At the moment I get the best result by using a cotton bud and pressing it against my eyelashes, once I have applied my mascara._

 
I find that when I curl the ends too it helps...and I use the dollar curler by ELF with the black handles and it has worked the best over any of them! GL


----------



## Donut (Nov 14, 2009)

i used to have the same problem until i switched to waterproof mascara. it has  a different formula and dries faster to hold the curl.

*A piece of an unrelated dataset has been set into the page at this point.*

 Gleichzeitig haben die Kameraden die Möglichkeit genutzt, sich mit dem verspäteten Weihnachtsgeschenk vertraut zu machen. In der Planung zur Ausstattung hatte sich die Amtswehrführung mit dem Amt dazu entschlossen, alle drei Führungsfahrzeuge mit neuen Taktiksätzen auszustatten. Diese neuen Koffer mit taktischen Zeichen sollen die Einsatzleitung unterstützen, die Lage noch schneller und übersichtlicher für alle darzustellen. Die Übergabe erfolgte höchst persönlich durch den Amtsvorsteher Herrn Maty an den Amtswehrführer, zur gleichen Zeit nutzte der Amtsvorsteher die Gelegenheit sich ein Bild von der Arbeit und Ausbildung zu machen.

i wouldn't curl after mascara and if the mascara is the problem it prob won't help anyway.


hope this helps


----------



## lauraglou (Nov 14, 2009)

I curl my lashes right at the root and then again half way down the lash. Maybe it's the mascara that's your problem. I've just bought the new YSL singulier mascara and it's awesome at curling lashes as well as thickening and lengthening. My other favourite mascara is Dior Show it totally rocks.


----------



## xxManBeaterxx (Nov 14, 2009)

My lashes are straight and they always seem to resist curlers, i learned i have to apply heat to my lashes first.  I bought the panaonic (i know panasonic??) eye lash heat curler then i curl them using an eyelash curler.


----------



## MizzTropical (Nov 14, 2009)

I would try a good waterproof curling mascara and a primer! Curl your lashes, prime them, and then apply the mascara. Don't curl them afterwards, that always creates a very unnatural look and will ruin the soft pretty curl that you should already have.


----------



## Dreamergirl3 (Nov 14, 2009)

Ditto on trying a waterproof formulation. My lashes did the same thing no matter what mascara I used...if it wasn't waterproof, my lashes would fall right back down and be straight again.

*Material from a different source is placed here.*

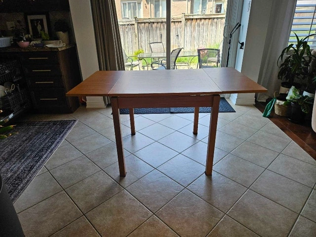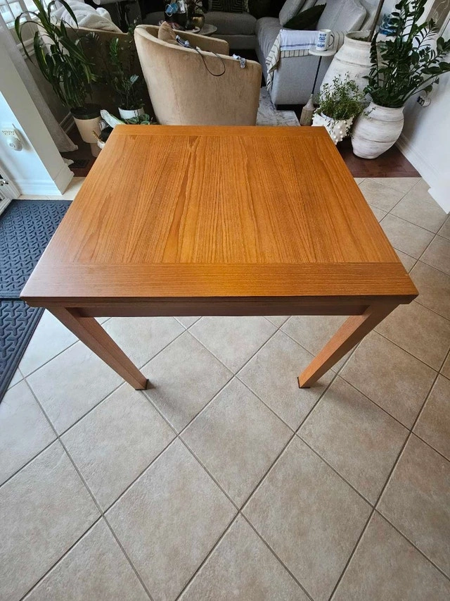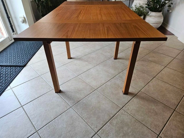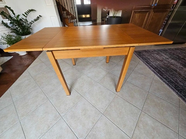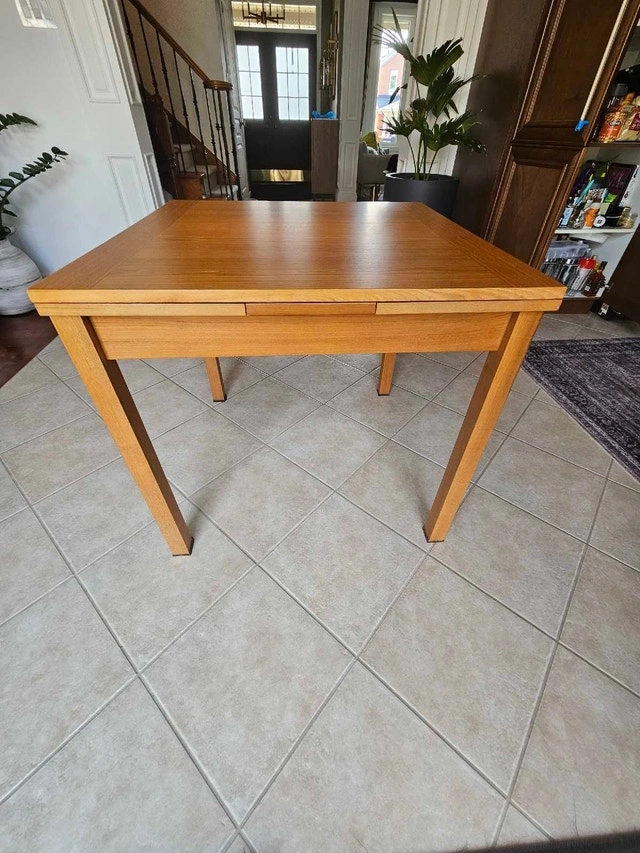 Solid refinished kitchen or dining room table. Extended: 55 inches (140 cm) wide, 31.5 inches (80 cm) wide, 29 inches (74 cm) high.

It also helps to 'walk' the curler up your lashes. Curl at the base, unclamp and move up a tiny bit and clamp again. I usually end up curling my lashes in about 4 different places from lash line to the tips.


----------



## Odette (Nov 14, 2009)

Try putting a very light coating of mascara on first (wipe some off on a tissue first if needed) and let it dry a little bit, but not completely dry, then try curling you lashes and applying more coats of mascara. The light coat is basically acting like a holding spray.


----------



## LatteQueen (Nov 15, 2009)

I have the same problem..no matter what lash curler I use..the lashes just fall flat...I have to curl my lashes after I apply my mascara..But don't curl if u use any mascara with fibers in it...dayum talk about lashes sticking to the curler and trying to ply off...not a good feeling there...


----------



## LatteQueen (Nov 15, 2009)

is this new mascara of YSL really good...


----------



## Zephyra (Nov 17, 2009)

With some mascara formulas, I've had luck using the curler (and walking it down the lash to the tips a bunch of times to get a serious, full-barrel curl going), then applying mascara first to the base of the lash only and letting it dry, re-curling the bare ends if needed, then applying mascara to the full length of the lash in a thinner, faster coat.  That seems to help to build a little volume without making the whole length of the lash too heavy to hold a curl.  But it seriously seems to depend on the formula--some mascaras (gel formulas in particular?) seem to do better if a thin coat is applied quickly to the whole lash.  It's worth experimenting.  I have long, thin, stick-straight blonde lashes that angle down if I don't intervene extensively.  I've been considering trying one of the heated lash curlers--I hear those work well, but I'm intimidated.  I try to get out of needing to use waterproof mascaras as I've had trouble with removing them/having the stronger makeup removers irritate my skin.  I also find that using any sort of primer seems to remove all chances of having curled lashes since I can get about one full coat of anything on before they uncurl, so I have been trying to improve my skills with false lash application after using a thin coat of thin gel mascara.  Let us know if you find some good techniques!


----------



## LMD84 (Nov 17, 2009)

honestly i don't use eyelash curlers for the reason you've given! my lashes go flat pretty quickly! and i have tried cheap curlers and more expencive curlers before - nothing helped so i have given up.


----------



## henrieta (Nov 17, 2009)

i would second the waterproof mascara. I realised that if i use normal one (even curling one), my eyelashes get flat straight after applying it, but if i use waterproof they stay curled and wouldnt even budge. (
	

	
	
		
		

		
		
	


	




 they stay curled even after taking off my make up in the evening)


----------



## livingdeadbella (Dec 1, 2009)

i have the same problem. what helps me is thickening my mascara (waterproof). when its brand new its normally thin and this is when it straightens my lashes. I just leave the cap off of it for a bit i find this thickens it a bit and its easier to use. keeps your lashes curled.


----------



## AshleyTatton (Dec 1, 2009)

I curl before and after applying mascara, at first it looks like an un natural bend but quickly turns into a curl as the morning goes on. Otherwise my eyelashes would be so stick straight you wouldnt be able to see them.


----------



## kittykit (Dec 2, 2009)

Quote:

   Originally Posted by *Dreamergirl3* 

 
_It also helps to 'walk' the curler up your lashes. Curl at the base, unclamp and move up a tiny bit and clamp again. I usually end up curling my lashes in about 4 different places from lash line to the tips._

 
My lashes are long and so straight. That's how I curl my lashes too. I twist the mascara from the root to the tip and repeat this a few times until it holds the curl. 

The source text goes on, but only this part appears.